This is sort of a meta-support question, but this seemed the best place to ask it. :-)
I periodically respond to support items in the issue queue. As an issue, it can and should have its status set to "fixed" when the issue has been resolved, one way or another.
Who decides when it's resolved, though? Should I set a support issue to fixed when I feel I've answered the question? Should I wait for the questioner to close it himself? Close it for him after he posts a "thanks that worked" post (which often doesn't happen)? Should a support ticket be a special case that auto-closes after X days of no activity?
Judging by the fact that magico recently went through and closed dozens, possibly over a hundred, stale issue queues, it seems that whatever should be done isn't. What should be done?
On 1/20/07, Larry Garfield larry@garfieldtech.com wrote:
I periodically respond to support items in the issue queue. As an issue, it can and should have its status set to "fixed" when the issue has been resolved, one way or another.
<snip>
done isn't. What should be done?
If I think I've provided a fix for the problem I like to mark it "Fixed" and put in the comment "If it's not fixed, please change the status back." I like keeping issue queues that I'm responsible for as small as possible. Open issues keep me awake late at night! But I also don't want to shut an issue that isn't solved (hence I only close them if I think I've done it) and I also want the submitter to feel alright when they re-open it if I thought I provided a solution but really it didn't help.
Greg
Answers between...
On 1/21/07, Larry Garfield larry@garfieldtech.com wrote:
This is sort of a meta-support question, but this seemed the best place to ask it. :-)
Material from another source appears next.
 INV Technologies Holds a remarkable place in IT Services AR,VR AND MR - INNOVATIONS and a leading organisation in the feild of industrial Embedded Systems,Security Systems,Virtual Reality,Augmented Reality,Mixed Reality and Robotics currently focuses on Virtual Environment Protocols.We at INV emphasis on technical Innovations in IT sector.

I periodically respond to support items in the issue queue. As an issue, it can and should have its status set to "fixed" when the issue has been resolved, one way or another.
Who decides when it's resolved, though?
Anyone. Because anyone also can open any issue.
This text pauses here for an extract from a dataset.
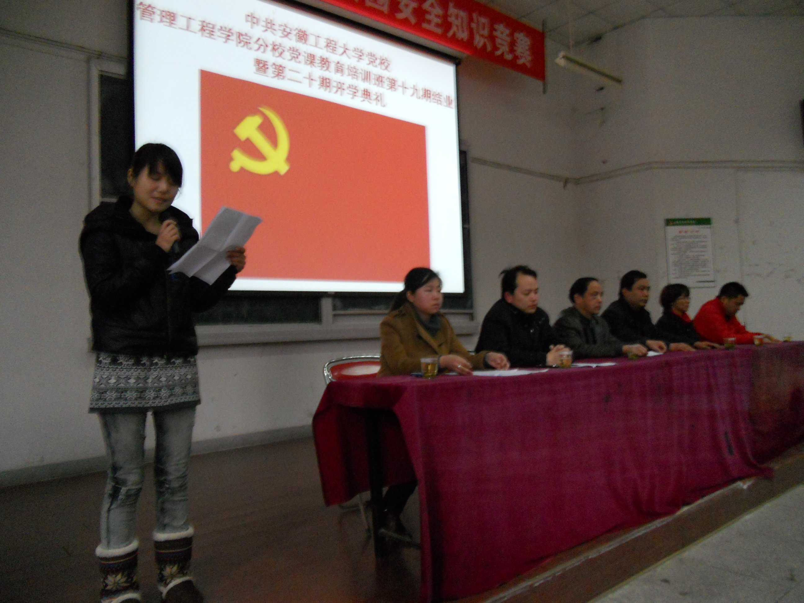 物流102班谢晓悦同学代表第十九期党校学员向大家汇报了自己参加党校学习的心得。谢晓悦同学说,通过党校系统的学习,她对党的章程、党的性质、怎样履行党员义务以及怎样行使党员权利等有了更深的理解。她告诉对新学员们,要珍惜参加党校学习这次机会,不要把参加党校学习看做是炫耀的资本,要脚踏实地的深入学习党的知识,坚定信念、毫不动摇,在班级中发挥模范作用,争取早日通过党的考核。第二十期党校学员国贸111周志兵代表新学员们表达了认真参加党校学习的决心,他引用清末爱国志士梁启超《少年中国说》中的名句“少年强则国强,少年独立则国独立”与大家共勉。

Should I set a support issue to fixed when I feel I've answered the question?
Yes. Because the person that asked for that certainly will see and mark as active if needed.
Should I wait for the questioner to close it himself?
No. Because there are hundreds of issues that are never closed because the questioner never "had time" to close them.
Close it for him after he posts a "thanks that worked" post (which often doesn't happen)?
A questioner rarely thanks for the effort after it was solved. In fact a questioner, most of the time marks the issue as a *bug* instead of *support request*!
Should a support ticket be a special case that auto-closes after X days of no activity?
Of course it should! I have a rule: I close all support requests with 1 month. (NOTE: I'm asking for this for a quite some time now)
Judging by the fact that magico recently went through and closed dozens, possibly over a hundred, stale issue queues,
It's an hard job, but someone must do it. *One thousand and hundred* issues already analyzed, re-classified, patches submitted, owners contacted, features rediscovered, old bugs fixed....
it seems that whatever should be done isn't. What should be done?
I'm glad, that you are offering your time to do an even better job, and help in this hard task. Perhaps you can do an audit to my job, so everyone can be assured that I'm doing the right thing?